The last several hours were nothing but a blur. He had been unable to hold on to any single thought for longer than the moment it took to think it.

As he stepped onto the platform, a frail old man in a wheelchair blocked him. He tried to step around the wheelchair, but the old man was surprisingly agile for being so thin and fragile. He spun the wheelchair around and blocked him again.

Enough with people always trying to get in his way. “Is there something I can do for you?”

The man looked up at him, sadness written on his face. “You have to help my daughter.”

“Sorry. I’m out of the hero business.”

He tried to step around the wheelchair again, but the man rolled over his foot and stopped him cold in his tracks. He yanked up on the wheelchair and pulled his foot out.

“What is your problem old man?”

“My problem is, you’re the only one who can help me and you just told me no. I don’t accept that answer.”

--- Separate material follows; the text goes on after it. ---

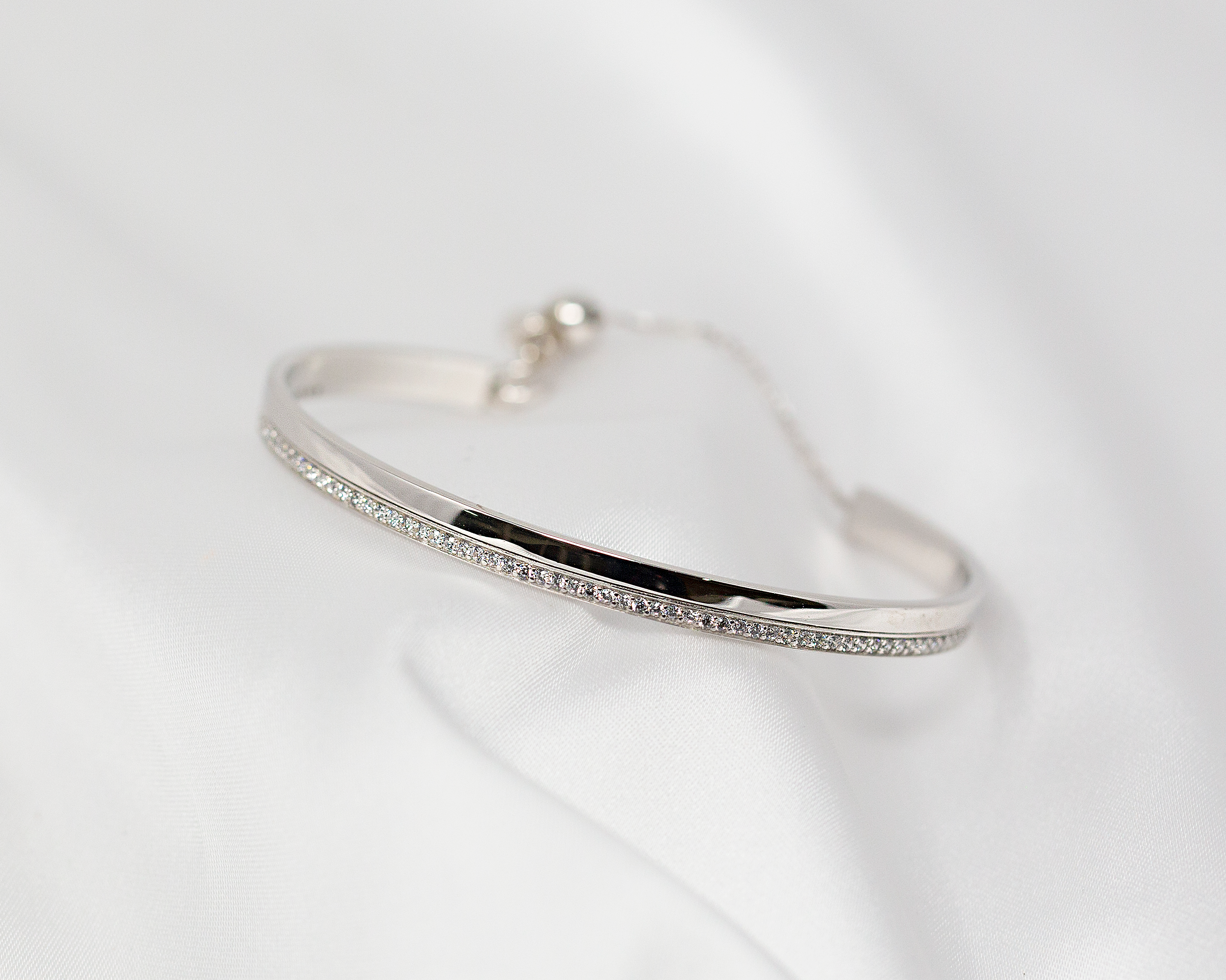 Ce jonc ouvrant Déesse en argent séduit par son design sobre, et pavé lié en zirconium Il bénéficie d’une finition lisse qui lui confère un aspect moderne. Ce modèle complète à merveille tous les looks féminins : classique, élégant, casual chic.

“I’m not the only one who can help you.”

“Yes you are.”

“And why is that?”

“Because you’re the only one who can get through to my daughter.”

Caleb sighed. The only way to get rid of this old man was to appease him. He looked around at the other individuals on the platform. He didn’t see a girl anywhere. “Okay. Fine. Where’s your daughter?”

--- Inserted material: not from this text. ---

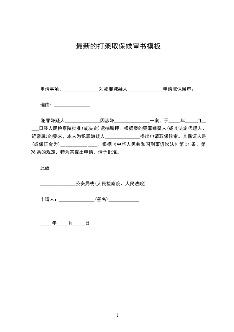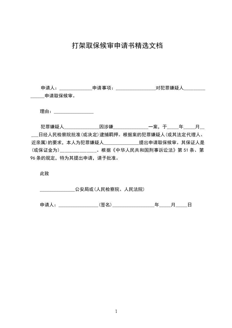 犯罪嫌疑人_______________因涉嫌_______________一案,于_____年_____月_____日经人民检察院批准(或决定)逮捕羁押。根据案的犯罪嫌疑人(或其法定代理人、近亲属)的要求,本人为犯罪嫌疑人_______________提出申请取保候审。其保证人是(或保证金为)_______________。根据《中华人民共和国刑事诉讼法》第51条、第96条的规定,特为其提出申请,请予批准。

The man in the wheelchair gave him a quizzical look. “I was hoping you could tell me.”

Caleb finally looked the man in the eyes. The eyes that looked back at him were familiar. They were the eyes of someone else he knew in the face of a man he had never met before.

The man pleaded with him. “That’s right. Dorothy is my daughter. And only you can save her.”

Caleb laughed at the absurdity of his comment. “Save her? She’s an army of one in that suit you built. Nobody, and nothing, can touch her. What could I, possibly, save her from?”

“Herself.”

Chapter 32

 

Less than an hour after speaking to Dorothy’s father on the platform, Caleb stood on the highest balcony he could find at the Southern Marshal’s castle. His hands gripped the railing and he closed his eyes as the wind ruffled the fur on his face.

His sense of loss was replaced by anger.

Anger at the Southern Marshal for lying to him.

Anger at Dorothy for lying to him.

Anger at himself for being distracted enough to believe the lies.

He should’ve been able to tell, by smell alone, the scarecrow version of Dorothy was not the real Dorothy. But he had spent so much time trying to get back to her, that when he finally did, or at least he thought he did, he eagerly accepted it as the truth.

He had been so lost in his self-deprecating thoughts, he hadn’t noticed the Southern Marshal coming up behind him. He jumped a little when she spoke.

“I come up here often to ponder life’s imponderables. I find the peace and quiet enables me to do my best thinking. Don’t you agree?”

He wasn’t happy with the intrusion into his private time, even by the Southern Marshal. “Yes, when it’s quiet.”

She either didn’t pick up on his hidden subtext, or didn’t care. She continued on in her easy conversational manner.